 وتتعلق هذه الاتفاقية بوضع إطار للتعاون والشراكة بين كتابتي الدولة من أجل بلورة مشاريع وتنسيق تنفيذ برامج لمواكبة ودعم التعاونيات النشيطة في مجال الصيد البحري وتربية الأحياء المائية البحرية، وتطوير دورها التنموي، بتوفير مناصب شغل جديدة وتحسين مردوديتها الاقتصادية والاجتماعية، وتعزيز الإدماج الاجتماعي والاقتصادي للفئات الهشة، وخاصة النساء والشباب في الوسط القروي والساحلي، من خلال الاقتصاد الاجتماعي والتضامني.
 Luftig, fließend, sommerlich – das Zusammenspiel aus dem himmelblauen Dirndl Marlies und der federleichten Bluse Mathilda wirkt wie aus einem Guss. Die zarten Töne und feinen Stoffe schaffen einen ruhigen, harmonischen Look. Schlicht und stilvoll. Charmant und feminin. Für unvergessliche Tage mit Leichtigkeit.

★ ★ ★ ★ ★

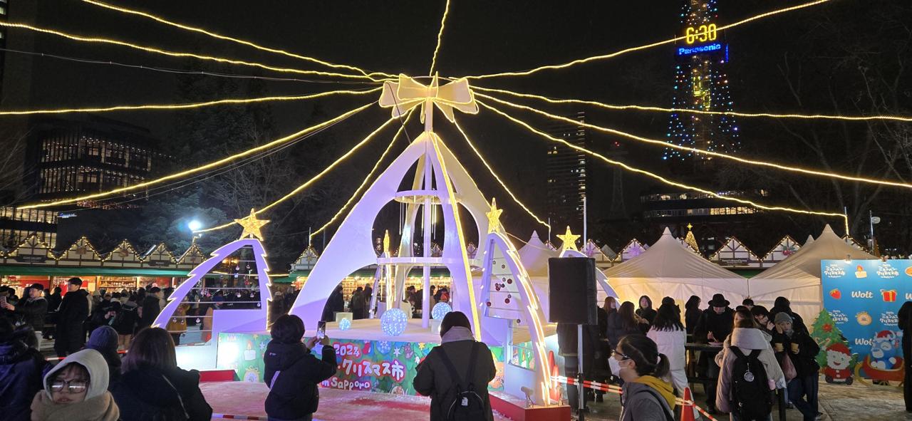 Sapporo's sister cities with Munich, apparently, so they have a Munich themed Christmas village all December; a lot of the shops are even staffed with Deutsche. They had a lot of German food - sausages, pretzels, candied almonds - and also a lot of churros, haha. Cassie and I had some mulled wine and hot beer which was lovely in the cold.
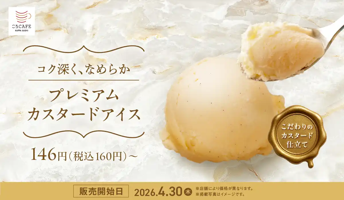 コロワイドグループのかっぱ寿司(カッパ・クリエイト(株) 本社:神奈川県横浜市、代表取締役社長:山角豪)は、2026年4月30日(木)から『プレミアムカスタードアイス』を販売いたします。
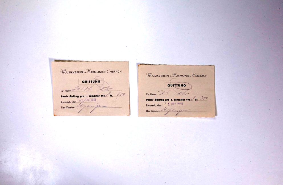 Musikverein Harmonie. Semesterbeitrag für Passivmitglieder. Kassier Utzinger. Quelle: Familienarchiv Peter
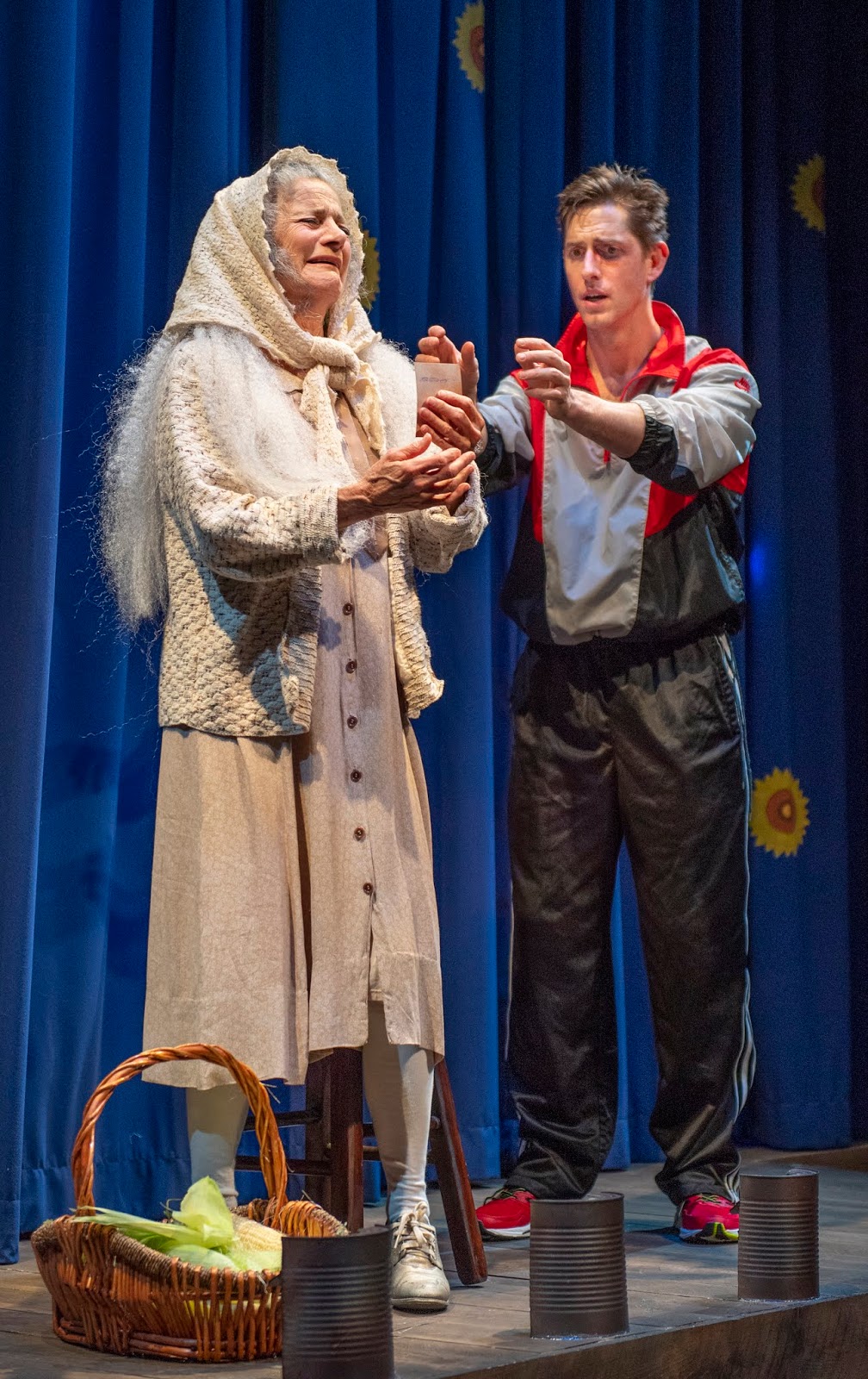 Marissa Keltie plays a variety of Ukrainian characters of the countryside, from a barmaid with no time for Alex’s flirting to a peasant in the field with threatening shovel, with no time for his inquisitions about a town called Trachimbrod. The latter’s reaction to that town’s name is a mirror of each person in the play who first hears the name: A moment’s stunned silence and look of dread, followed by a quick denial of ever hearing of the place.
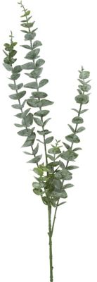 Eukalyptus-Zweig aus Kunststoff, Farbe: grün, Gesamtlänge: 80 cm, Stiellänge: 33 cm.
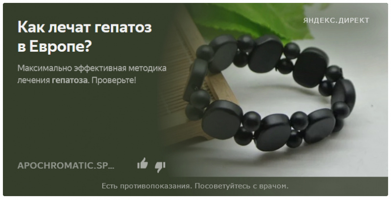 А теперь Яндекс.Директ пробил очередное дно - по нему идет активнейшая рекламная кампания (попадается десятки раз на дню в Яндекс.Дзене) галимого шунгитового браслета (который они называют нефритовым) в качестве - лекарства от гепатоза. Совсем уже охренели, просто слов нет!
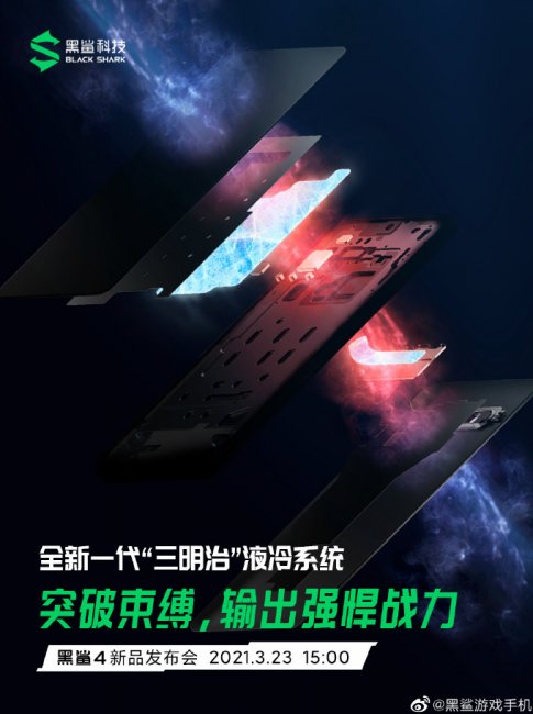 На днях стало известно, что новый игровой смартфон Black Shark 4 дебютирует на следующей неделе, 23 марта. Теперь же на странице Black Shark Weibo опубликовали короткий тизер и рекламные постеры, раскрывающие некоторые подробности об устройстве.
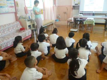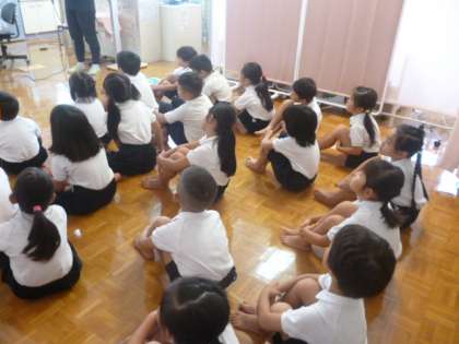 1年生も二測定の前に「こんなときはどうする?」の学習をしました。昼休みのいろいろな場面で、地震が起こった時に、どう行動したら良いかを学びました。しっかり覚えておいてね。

★ ★ ★ ★ ★

Work task: Copy only what lies between the line with "Eukalyptus-Zweig aus Kunststoff, Farbe: grün, Gesamtlänge: 80" and the line with "На днях стало", those two lines included, exactly as given above; pictures stay out.

Written response:
 Eukalyptus-Zweig aus Kunststoff, Farbe: grün, Gesamtlänge: 80 cm, Stiellänge: 33 cm.
 А теперь Яндекс.Директ пробил очередное дно - по нему идет активнейшая рекламная кампания (попадается десятки раз на дню в Яндекс.Дзене) галимого шунгитового браслета (который они называют нефритовым) в качестве - лекарства от гепатоза. Совсем уже охренели, просто слов нет!
 На днях стало известно, что новый игровой смартфон Black Shark 4 дебютирует на следующей неделе, 23 марта. Теперь же на странице Black Shark Weibo опубликовали короткий тизер и рекламные постеры, раскрывающие некоторые подробности об устройстве.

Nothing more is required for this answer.